__SOURCE MATERIAL__:
*** Begin section ***

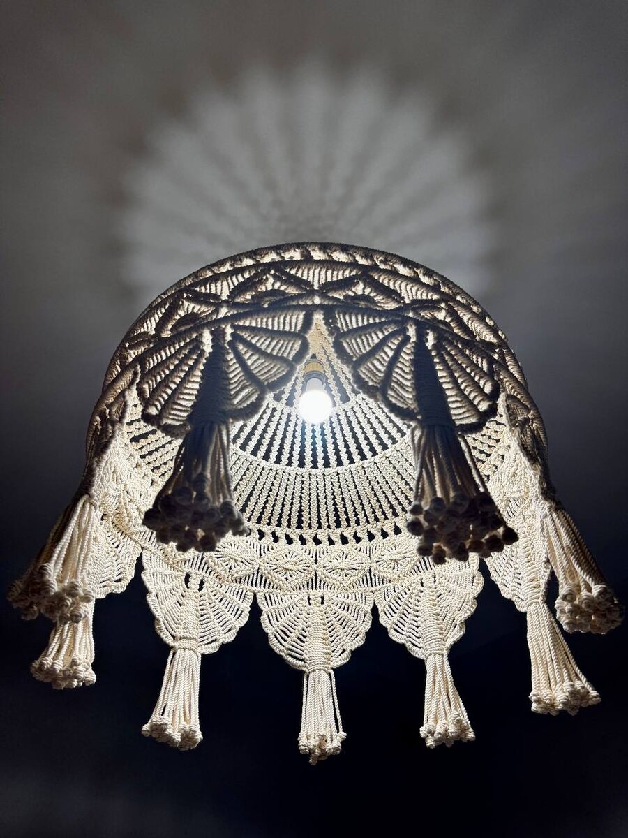 В одной спальне — абажур в технике макраме, имеющий имя Ефросинья, в другой — винтажная люстра, светившая иным не один десяток лет. В барной зоне светильники исполненные в виде языков колокола. Когда включены, будто добела раскалённый чугун. Над обеденным столом — невесомое сияние.
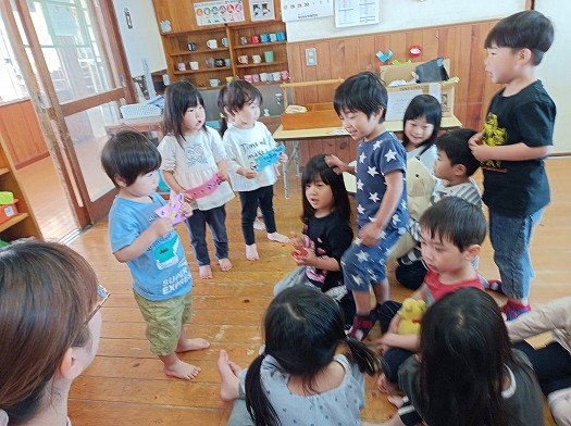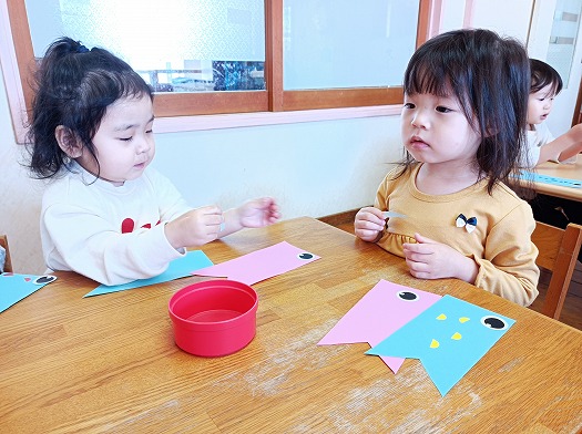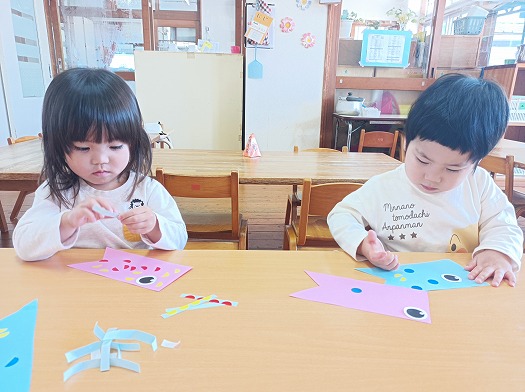 2025年05月02日 こいのぼり作ったよ 2歳児 にじ 先日こいのぼりを作りました。 大きいシールと小さいシール、好きな方を選んで貼りました。 小さいシールも指先を使って上手に貼ることが出来ます。 出来たこいのぼりを持ってお出かけしました。 他のクラスの友だちにも見てもらい、大満足のにじぐみです。 一覧へ戻る
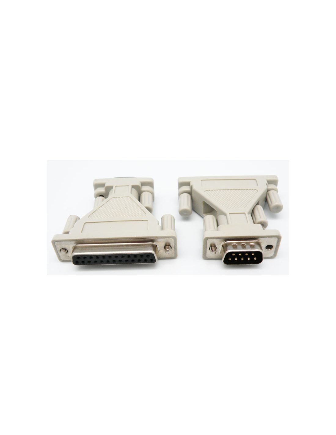 Adaptador 2 conectores D-Sub, 1 de 9 polos macho y 1 de 25 polos hembra.

*** End section ***

__WHAT IS BEING ASKED__: What is needed is a word-for-word copy of the data, minus its pictures.

__RESPONSE AREA__:
 В одной спальне — абажур в технике макраме, имеющий имя Ефросинья, в другой — винтажная люстра, светившая иным не один десяток лет. В барной зоне светильники исполненные в виде языков колокола. Когда включены, будто добела раскалённый чугун. Над обеденным столом — невесомое сияние.
 2025年05月02日 こいのぼり作ったよ 2歳児 にじ 先日こいのぼりを作りました。 大きいシールと小さいシール、好きな方を選んで貼りました。 小さいシールも指先を使って上手に貼ることが出来ます。 出来たこいのぼりを持ってお出かけしました。 他のクラスの友だちにも見てもらい、大満足のにじぐみです。 一覧へ戻る
 Adaptador 2 conectores D-Sub, 1 de 9 polos macho y 1 de 25 polos hembra.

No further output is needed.